I heart books

Scent triggers memory in a special, direct, and immediate way.  This was explained to me once–some kind of hardwiring from nasal receptors to frontal lobe–but not well enough so that I can explain it now.  But we all know it’s true: a whiff of something, cut grass, gasoline, chocolate chip cookies, and we’re transported to another time and place, an entire scene evoked, a little drama played out on the stage of the mind. I smell garlic sautéing in olive oil, and I see my mother in the kitchen wearing the ghastly apron I sewed for her, turquoise it was, with white rickrack. Chlorine? The President’s Day weekend we stayed at the old Traymore Hotel in Atlantic City decades after the city’s heyday but years before its rebirth as Las Vegas East. I was 12 and fell madly in love with the pool boy. Pine needles? The secret trail behind one of the cabins at Camp Tamarac, the trail that led to The Rock, where I learned how to smoke cigarettes.

 I think books are hardwired like this for some of us. There’s a high-speed connection between book and experience, between what we’ve read and how we’ve lived.    

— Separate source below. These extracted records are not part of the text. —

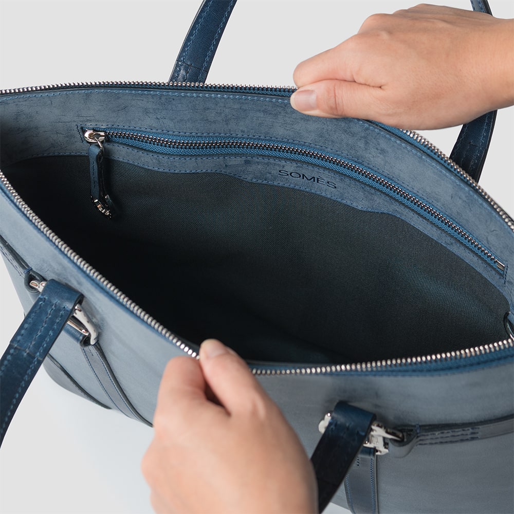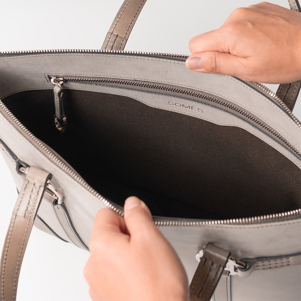内装には、レーヨンとコットンを交織した上品な生地、ファスナーにはYKK製エクセラを採用。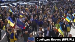 Той е сред хилядите хора, които в понеделник вечерта участваха в шествие под наслов "Поход срещу руския фашизъм" в София. То започна от президентството, премина покрай сградата на Министерството на вътрешните работи (МВР), Българското национално радио (БНР)и завърши пред посолството на Русия.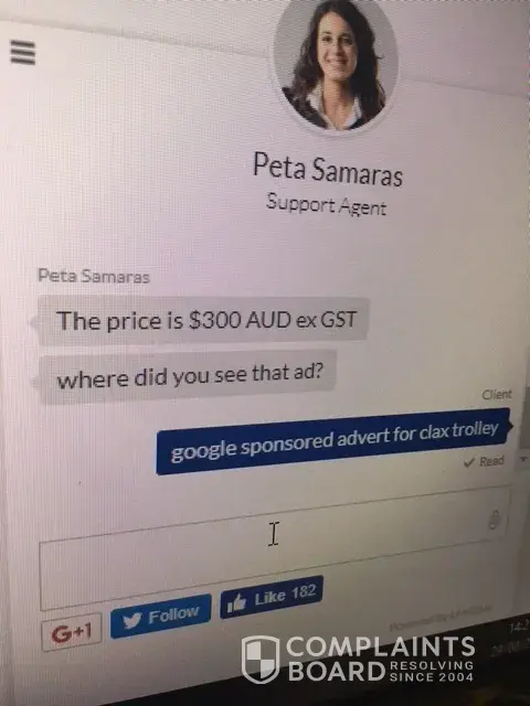 We are looking at a product as advertised in a google sponsored advert for item claxtrolley.

We have only to glance at a book, the way others catch a scent in the air, and we experience that moment in time when the book intersected with our lives. I see Richard Brautigan’s The Pill v The Springhill Mine Disaster on my bookshelf. It’s not just a book. It’s me standing on the shoulder of I-80 in Nebraska hitching my way across the country, going west on my own for the first time. Annie Dillard’s The Living? An impossibly rainy summer vacation in Bandon, Oregon, during which my then four-year-old son gets clobbered in the head with a boat oar, and we have to rush him to the 15-bed local hospital to get stitched up. James Clavell’s Shogun? That solitary winter vacation I spent in my first house, the one with no central heating, curled up in an armchair existing on pots of Seattle spice tea and packages of Archway chocolate chip cookies. My books, spine out on the shelves in my library, are entries in a diary I didn’t know I was keeping. 

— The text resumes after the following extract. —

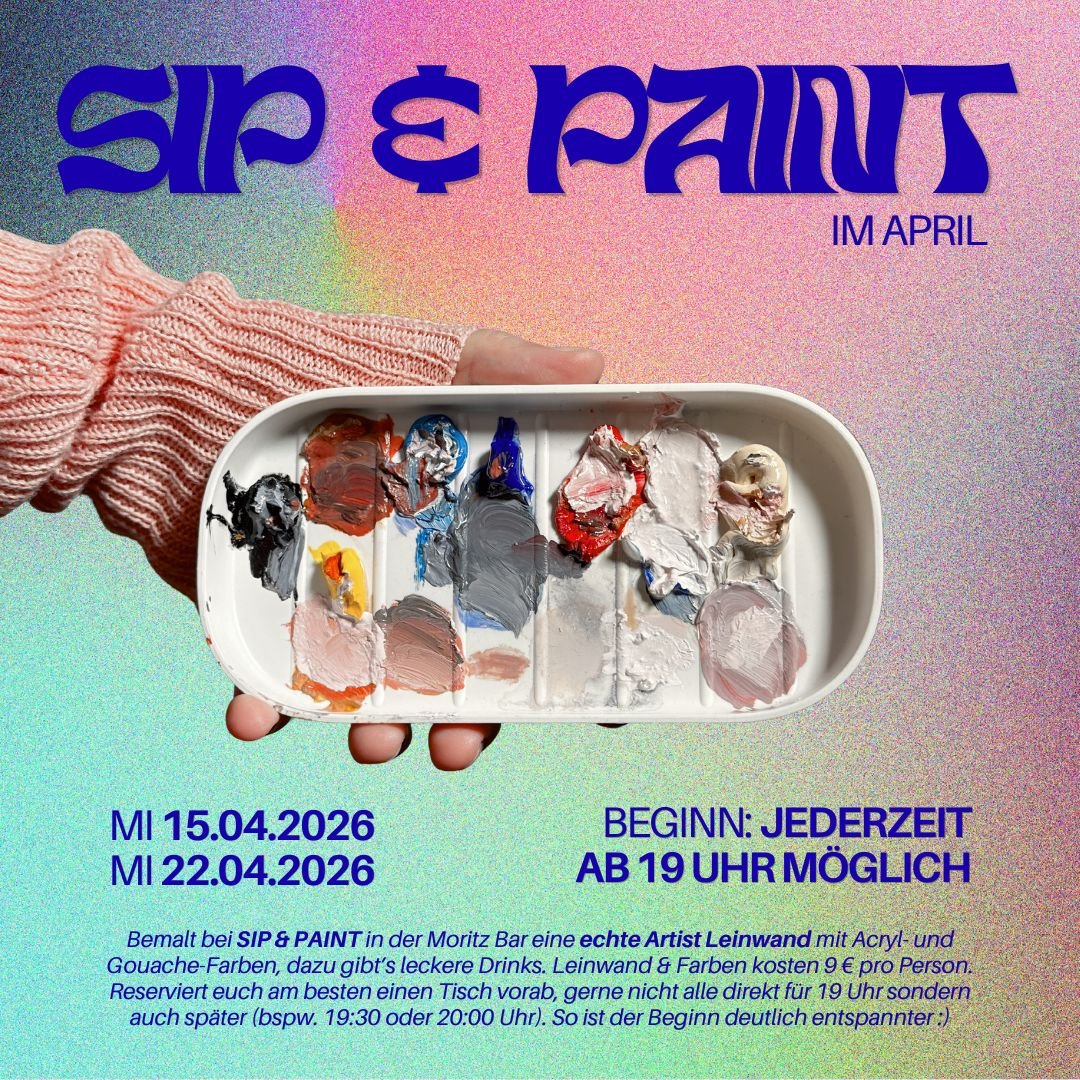 ab 19:00 UhrIn der Moritz Bar wird es wieder kreativ. Bei SIP & PAINT bekommt ihr von uns das gesamte nötige Material, um eine eigenes Bild zu bemalen - und danach könnt ihr es natürlich mit nach Hause nehmen. Dazu könnt ihr ganz gemütlich den ein oder anderen Drink schlürfen. Macht euch mal wieder einen richtig schönen und kreativen Abend, alleine oder mit euren Besties. Das Material (professionelle Artist-Leinwand, Pinsel, Acryl- und Gouachefarben) gibt es gegen einen Unkostenbeitrag von 9.00 € bei uns.

 But there is more.  In between the pages of the books we keep is tangible evidence of life lived.  I go to the shelf and pull out My Mother, Myself, which I read during a particularly nasty year in the already rocky relationship I had with my mother. Tucked in between pages 44 and 45 I find her photograph, one I must have stolen from an old album. My mother looks sweetly at the camera.  She has a mop of dark, curly hair and is holding a doll.  She is perhaps ten.  In Wild Alaska, a Time-Life book with page after page of stunning Arctic pictures, I find a menu for a little restaurant I used to frequent a block from the Fullerton El, just around the corner from my fourth-floor walk-up. I read that book on the fire escape during my last and sweatiest summer in Chicago. 

Now I see something peeking out of the pages of the mustard yellow beat-up paperback edition of Zen Flesh, Zen Bones, and, with great excitement, I pull the book from the shelf.  What could it be?  What could I have placed between the pages of this wonderful book, this book that made me think thoughts I had never thought before, this book that prompted me to sign up for my first yoga class, this book that I carried around like a talisman for years?  I am ready to be wowed.  

It‘s an appointment card.  On Thursday, Sept. 24, 1997, I went to get my teeth cleaned.